Linear combinations¶

In the sequel, \(V\) will always denote a vector space, for example \(V = {\bf R}^n\).

Definition 3.29

A linear combination of vectors \(v_1, \dots, v_m \in V\) is a vector of the form

\[ a_1 v_1 + \dots + a_m v_m, \]

where the \(a_1, \dots, a_m\) are arbitrary real numbers.

Example 3.30

If \(m = 1\) in the above definition, there is only one vector \(v := v_1\). A linear combination of a single vector \(v\) is therefore any vector of the form \(a v\), with an arbitrary \(a \in {\bf R}\). In other words it is an arbitrary scalar multiple of that vector.

Example 3.31

More interesting things start happening for two vectors and more. As an example, consider \(v_1 = (1, 0, 0)\) and \(v_2 = (0, 1, 0)\) in the vector space \({\bf R}^3\). Then \((3, 2, 0)\) is a linear combination of these since

\[ (3, 2, 0) = 3 \cdot (1,0,0) + 2 \cdot (0, 1, 0). \]

On the other hand, \((0, 0, 1)\) is not a linear combination of \(v_1\) and \(v_2\): for arbitrary \(a_1, a_2 \in {\bf R}\), we compute

\[ a_1 v_1 + a_2 v_2 = (a_1, 0,0) + (0, a_2, 0) = (a_1, a_2, 0). \]

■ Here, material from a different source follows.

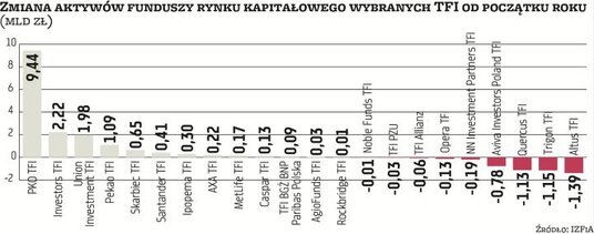 W tym roku jak dotąd czterem towarzystwom udaje się nieprzerwanie z miesiąca na miesiąc zwiększać aktywa pod zarządzaniem (rynku kapitałowego i niepublicznego łącznie) – wynika z danych na koniec sierpnia, prezentowanych przez Izbę Zarządzających Funduszami i Aktywami. Mowa o PKO TFI, Investors TFI, Amundi TFI oraz Baltic Capital TFI. Porównując wynik na koniec poprzedniego roku z aktywami na koniec sierpnia, okazuje się, że PKO TFI urosło o blisko 9,5 mld zł. Złożyły się na to zarówno wysokie napływy, przede wszystkim do PKO Skarbowego (3,3 mld zł), jak również przejęcie Gammy TFI. Z kolei łączne aktywa Investors TFI powiększyły się w tym czasie o prawie 2 mld zł, do około 10,2 mld zł. Od początku roku dobrą passę utrzymywał również Union Investment TFI, jednak w sierpniu jego aktywa stopniały o 1,38 proc. w porównaniu z końcem lipca. Złożyły się na to gorsze wyniki funduszy, jak również wypłaty środków. Według szacunków Trigona DM Union w sierpniu miał 121 mln zł odpływów netto, co uplasowało go na trzecim miejscu od dołu pod względem sprzedaży netto, zaraz przed Trigonem TFI i Altusem TFI. Jeden miesiąc na minusie miała też Ipopema TFI, której łączne aktywa w tym roku zwiększyły się o ponad 9 mld zł, oraz Superfund TFI. Również tylko jeden miesiąc pod kreską był Skarbiec. W jego przypadku chodziło o wypłatę 10 mld zł z funduszu dedykowanego w kwietniu. Ten miesiąc był jak dotąd najgorszy dla całej branży. Łączne aktywa pod zarządzaniem TFI skurczyły się wtedy o 2,65 proc. Zaś najlepszy pod tym względem był marzec (wzrost o 1,75 proc.). Znaczące spadki łącznych aktywów zanotowały w tym roku jeszcze Altus (-2 mld zł), Trigon (-1,42 mld zł) i Quercus (-1,13 mld zł).

No matter how we choose \(a_1\) and \(a_2\), we always have

\[ (a_1, a_2, 0) \ne (0, 0, 1), \]

since the third components of these two vectors are always different. In fact, the linear combinations of \(v_1\) and \(v_2\) are precisely the vectors \((x, y, z)\) that satisfy \(z = 0\).

Given two vectors \(v_1, v_2 \in {\bf R}^3\), we will see later (Theorem 3.68) that there will always be some vector \(w \in {\bf R}^3\) (in fact infinitely many) that is not a linear combination of \(v_1\) and \(v_2\). In the above example any vector \(w = (x,y,z)\) with \(z \ne 0\) has that property. Continuing with that example, the \(x-y\)-plane inside \({\bf R}^3\), i.e., \(V := \{(x,y,z) \ | \ x, y \in {\bf R}, z = 0\} = \{(x,y,0) \ | \ x, y \in {\bf R} \}\) is a subspace of \({\bf R}^3\): it contains \((0,0,0)\) and given any two vectors \(v, w \in V\) we have \(v+w \in V\) and given \(r \in {\bf R}\), \(r v \in V\) (convince yourself this is true!). We can alternatively use Proposition 3.18 to see this is a subspace: \(V\) is the solution space of the equation \(z = 0\) (in the three variables \(x, y, z\)), which is a homogeneous linear equation. The following statement asserts that we always obtain a subspace in this manner.

Lemma 3.32

Let \(V\) be a vector space and \(v_1, \dots, v_m \in V\) be any vectors. The set

\[ L(v_1, \dots, v_m) := \{ a_1 v_1 + \dots + a_m v_m \ | \ a_1, \dots, a_m \in {\bf R}\} \]

of all linear combinations of \(v_1, \dots, v_m\) is a subspace of \(V\). It is called the span (or sometimes also the linear hull) of these vectors.

Proof. We check the three conditions in Definition 3.17. Let us abbreviate \(L := L(v_1, \dots, v_m)\).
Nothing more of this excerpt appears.